Optical Character Recognition (OCR) is the process of converting scanned printed/handwritten image files into machine readable text format. It works by analyzing a document and comparing it with fonts stored in its database and/or by noting features typical to characters. OCR enables you to take a book or magazine article feed it directly into a computer file then edit the file using a word processor.

What that means:
OCR software can convert a PDF into a Word document. There are free websites that offer this service. One that I recently discovered is called Online OCR. They claim to recognize thirty-two languages, can recognize PDF, TIFF, JPG, and PNG (among others) and translate them into a number of formats – PDF, Word, Excel, html, RTF and Plain Text. Best of all it’s free and no account is required.
Scenario:
Let’s say you have a resume that needs updated. The original Word document is missing but you do have a hard copy. It is possible to digitize that document and edit it in Word.
The process:

1)      Convert the hard copy to PDF by scanning it and then email it to yourself (a free service available at all SCDL locations.)

2)      Log-in to your email and save the PDF to your computer.

3)       Go to onlineocr.net and click the Browse… button.

4)      Locate the PDF that was saved to your computer in step 2. Click Open. Then click Upload.

5)      Select your Recognition language and Output format.

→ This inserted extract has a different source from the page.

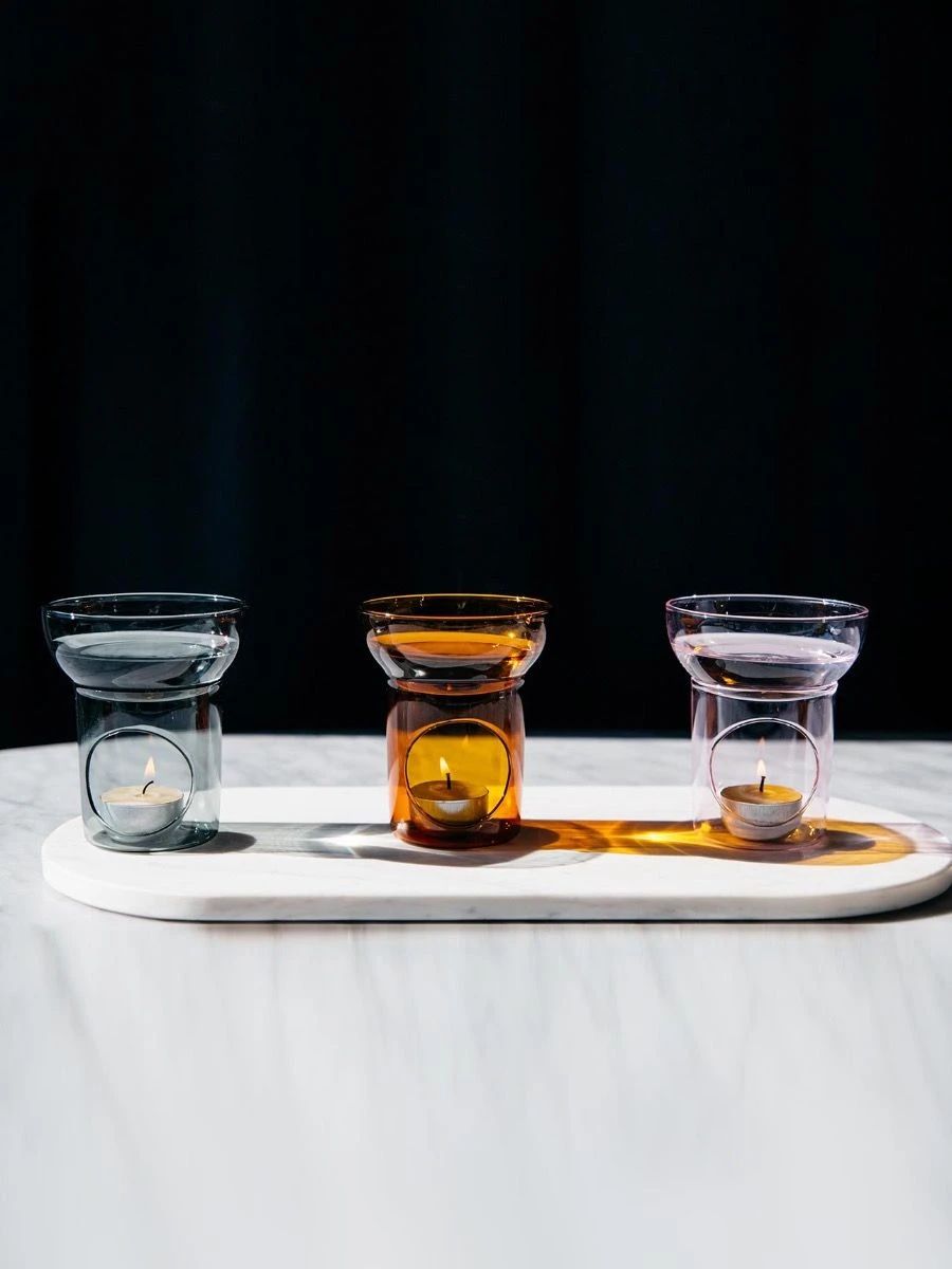 Maison Balzac invites you to a silent perfume ceremony thanks to three simple steps: Gently pour fresh water into the circular recipient, half level is perfect, and delicately add five drops of their oil burner blend of your choice. The ignition of the tea light will provide the gentle warmth to infuse the aromatic. Made from heat resistant coloured glass, each oil burner comes with an Australian beeswax candle.
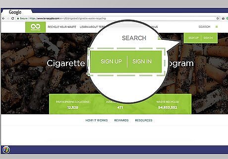 Join a recycling site online. Search online for “cigarette recycling” sites. There are a few options out there, such as TerraCycle. You will need to create a free account before you can ship the cigarettes. A few cities now offer recycling programs of their own. Check with your local government and trash disposal service to see if this is an option.

Output format means what type of file you would like to create (Word, Excel, or Plain Text.) To convert your PDF to a Word document select MS Word (doc).

6)      Enter the numbers displayed in the CAPTCHA box (a test some websites use to determine whether or not a user us human.)

7)      Click Recognize.

8)      Scroll to the bottom of the page and click on Download Output File.

The resume will now open in Microsoft Word. From here you can make changes and save it for future reference.

Disclaimer:

While great and incredibly accurate remember that Online OCR is a free service. Much of the original document’s formatting is preserved during the conversion but it is not always exact. After your conversion it is highly recommended you proofread your document. There could be misspelled words and perhaps some formatting differences compared with the original (text is usually bold, for example.) Compared to when the document was a PDF and could not be edited the formatting errors are pretty minor.
As I said earlier the site is free and does not require registration. However, there is an option to create an account which has some benefits. It is free to create an account (all that is required is an email address) and you get twenty-five free credits (worth twenty-five scans.) There are options to purchase or earn more credits which are pretty reasonable. The biggest advantage to creating an account is multipage scanning. If your original document is more than one page you’ll need to scan each page individually and convert them individually if you do not create an account. But if you create a free account you can scan and convert all three pages at once (you could even tell it specific pages to convert – like only pages one and three, for example.) Your converted documents are also saved in your account too. So if you lose the Word version you can retrieve it from your Online OCR account.
So next time you have a hard copy of a document (or just a PDF) and you want to make changes remember that there are options. Free options! One of them is called Online OCR and only takes a few minutes to convert your PDF into Word document.